If your friend or family member is undergoing the serious and painful effects of dating abuse, they may have a very different point of view than you. They may have heard the abuse was their fault and feel responsible. If they do choose to leave, they may feel sad and lonely when it’s over, even though the relationship was abusive. They may get back together with their ex many times, even though you want them to stay apart. Remember that it may be difficult for your friend to even bring up a conversation about the abuse they’re experiencing.

 

What Can I Do?

 

• Don’t be afraid to reach out to a friend who you think needs help. Tell them you’re concerned for their safety and want to help.

 

• Be supportive and listen patiently. Acknowledge their feelings and be respectful of their decisions.

 

• Help your friend recognize that the abuse is not “normal” and is NOT their fault. Everyone deserves a healthy, nonviolent relationship.

 

• Focus on your friend or family member, not the abusive partner. Even if your loved one stays with their partner, it’s important they still feel comfortable talking to you about it.

 

• Connect your friend to resources in their community that can give them information and guidance.

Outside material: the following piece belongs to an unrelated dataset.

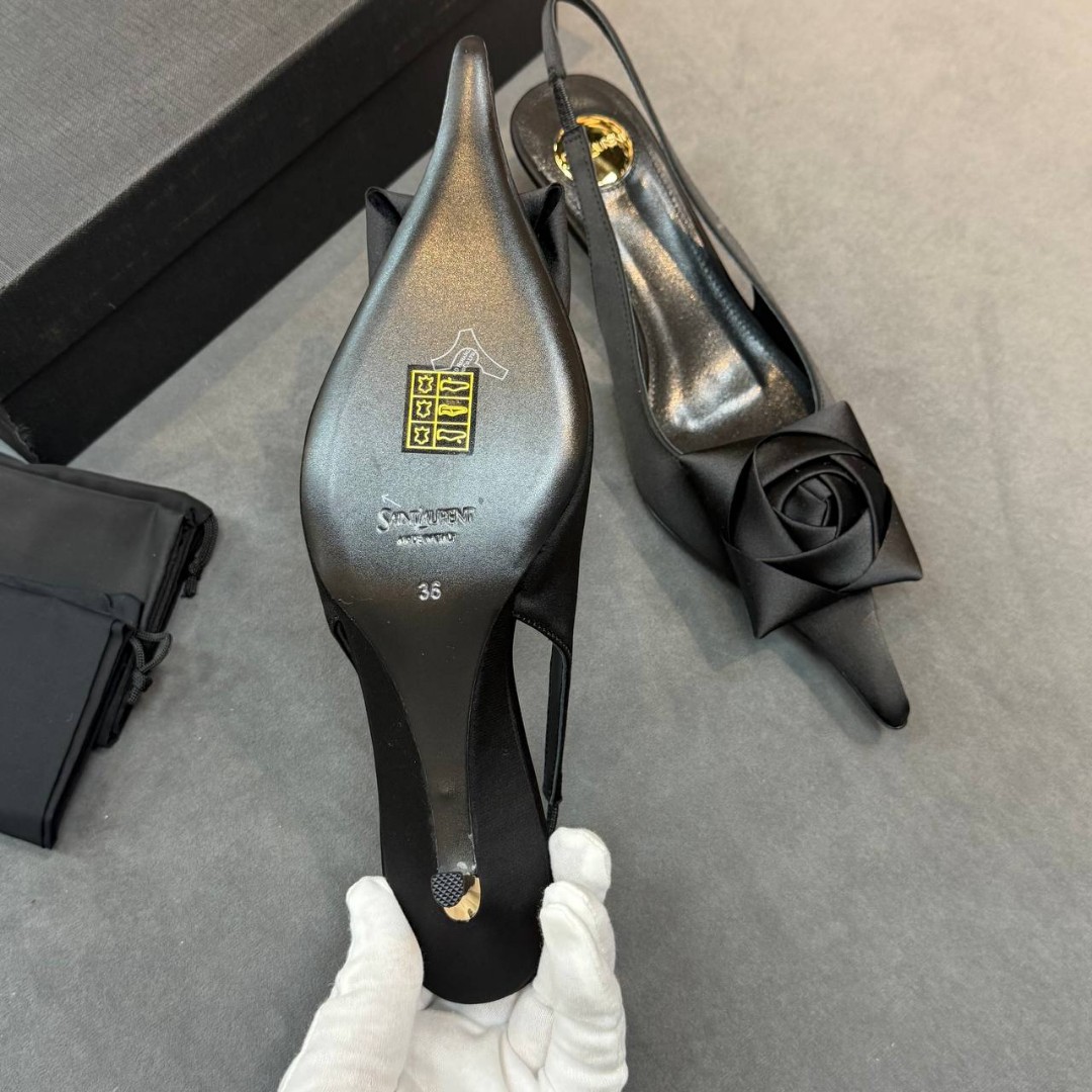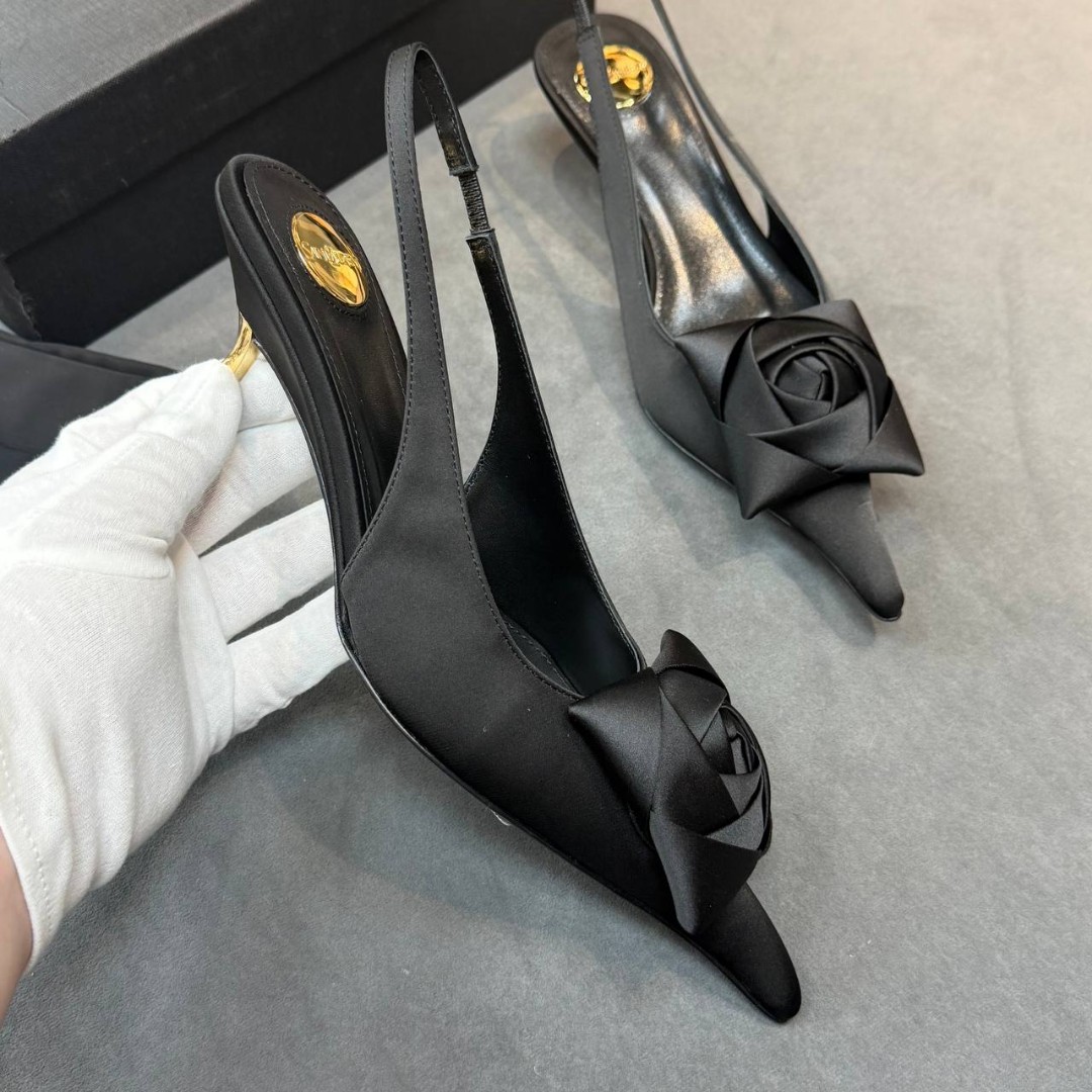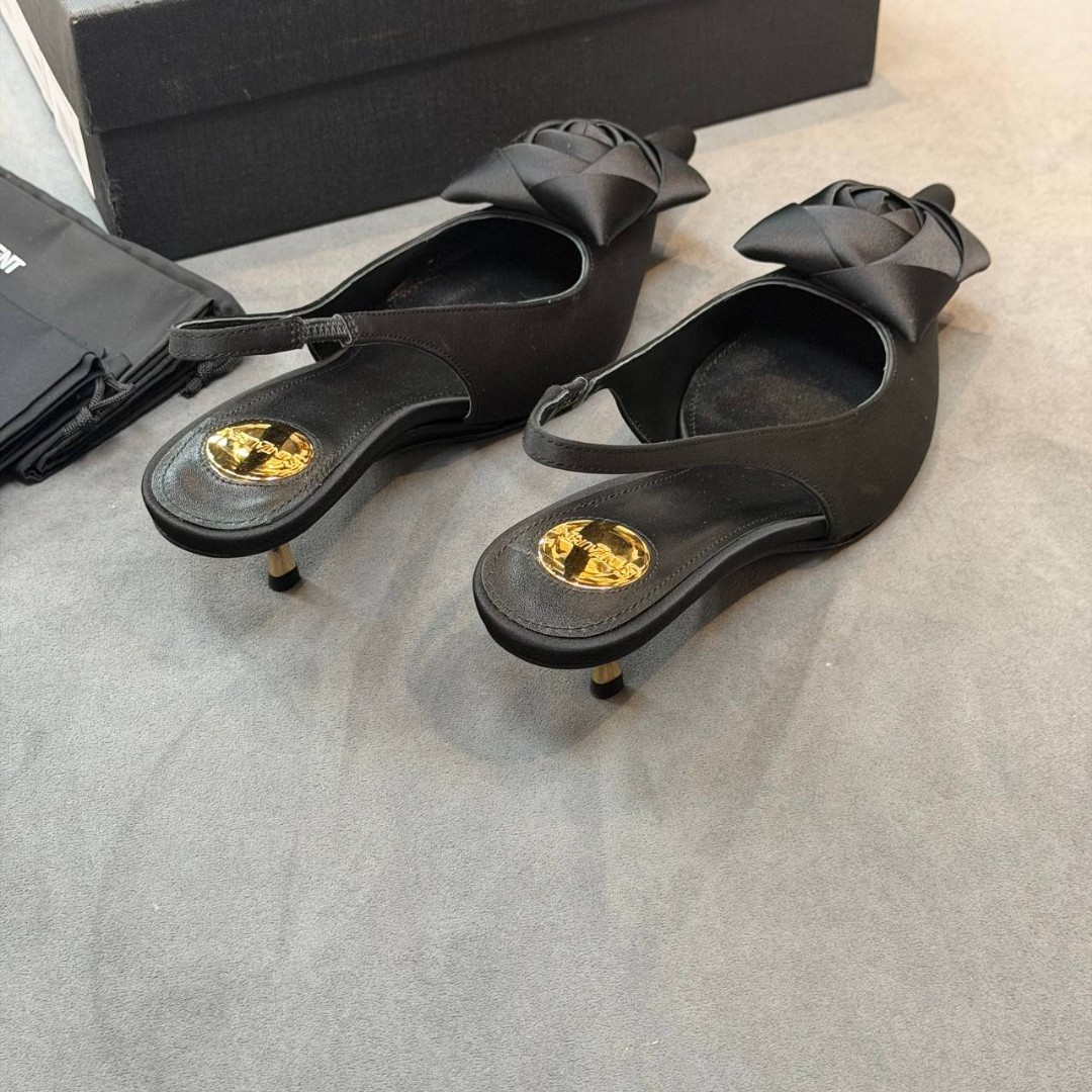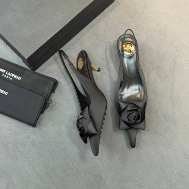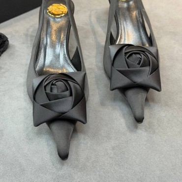 Женские текстильные туфли Saint Laurent черные с цветком каблук 5 см 2026

Remember, loveisrespect.org can help.

 

• Help them develop a safety plan.

 

• If they break up with the abusive partner, continue to be supportive after the relationship is over.

 

• Even when you feel like there’s nothing you can do, don’t forget that by being supportive and caring -- you’re already doing a lot.

 

• Don’t contact their abuser or publicly post negative things about them online. It’ll only worsen the situation for your friend.